Dyania Health provides pharmaceutical companies launching new drugs with a streamlined efficiency that saves them time and money wasted on manual processes for trial enrollment. Each trial Dyania Health contracts requires roughly 1–2 weeks in ramp up to program the specific trial criteria into our algorithms. Afterwards, the pharmaceutical company can implement Dyania Health as a technology vendor at a few or all of their trial sites. Based on the number of trial sites for integration, the company charges a designated base fee in addition to the referral fees for driving a portion of each trial’s enrollment. This referral fee is triggered upon a patient being referred to a principal investigator and varies in amount based on the complexity and rarity of the disease. For example, the ease in finding diabetes type 2 patients varies drastically as compared with pancreatic cancer patients within a specific stage and without having metastasized. Therefore, Dyania Health tailors each contract with a pharmaceutical company to the exact needs and nuances of the particular trial, commonality of the disease, and complexity of protocol requirements.
Where is Dyania Health focused geographically?
Dyania Health’s technology is both HIPAA and GDPR compliant and therefore can be integrated in both European and N. American trial sites as necessary. The company maintains team members in:
• Jersey City, New Jersey, USA
• New York, New York, USA
• Los Angeles, California, USA
• Athens, Greece, E.U.
How does trial site integration work?
Dyania Health sends a team of software engineers to complete integration at each trial site as virtually all trial sites maintain local on-premise servers. The software program is uploaded to a back-up copy of the trial sites patient EMR data base. The software is EMR system agnostic and is specific to the type of database structure (MySQL, SQL, hybrid, etc.). The program runs the anonymization and clinical data extraction once on the entire database and subsequently once per week for incremental changes to the database. Each new trial site to be integrated has an initial set-up timeline of 1 month but once set-up, can be integrated for further trials within 1–2 weeks with additional protocols.

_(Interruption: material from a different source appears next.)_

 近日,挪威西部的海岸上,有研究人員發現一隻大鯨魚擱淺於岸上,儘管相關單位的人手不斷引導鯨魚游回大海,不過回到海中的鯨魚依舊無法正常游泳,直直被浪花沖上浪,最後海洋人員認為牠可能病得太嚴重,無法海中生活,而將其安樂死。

How is the algorithm tailored to specific protocols?
Many protocols have subjective or vague criteria that require interpretation through judgment of principal investigators (physician researchers). Dyania Health works with pharma to clarify what these criteria mean on an objective level, and which medical histories and categories would fit the intention of these criteria. Due to certain limitations of data and medical histories stored in EMR systems, certain criteria might not be referenced in medical histories and records and therefore will not be able to be identified by our algorithms. Also, certain detailed information like full genetic reports may be stored in the system as scanned pdfs of printed faxed reports. Reports stored in this format are sometimes illegible by our algorithms.

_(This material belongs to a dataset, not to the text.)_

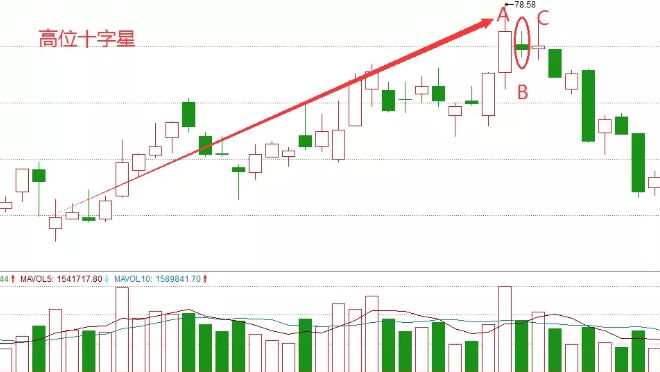 隨后第三天C點依舊出現(xiàn)十字星,這就已經(jīng)是屬于高位滯漲的了,這種高位滯漲就是因為前期漲幅過大,致使很多跟風盤出現(xiàn)跟隨主力做轎子,那么主力在已經(jīng)收益頗豐的情況下,自然是就會選擇小幅出貨的方式了,把盤子甩給新的接盤結(jié)構(gòu)或者散戶,因此當我們可按到盤面滯漲,下方量能有出現(xiàn)連續(xù)萎縮的時候,這個時候就是我們應該要走的時刻。

We define this ahead of time with the pharma sponsor and the selected trial sites. As a result, we have a clear definition of what qualifies as a near exact match and which criteria have been met by patients identified. We also define an acceptable risk threshold regarding precision and recall where physician notes may be vague, have incorrect information, be missing relevant information, or utilizing uncommon descriptions instead of recognized terminology by the NIH and internationally defined medical libraries.
With regards to adaptations to specific disease areas or therapeutic types, Dyania Health team trains the algorithm with parameters, lexicons, synthetic data, and libraries generated by specialists and principle investigators who have extensive experience performing clinical studies on the particular disease or therapeutic type. This bridges terms common to the specific disease areas’ criteria with common clinical notes data types stored in electronic medical records, increasing accuracy.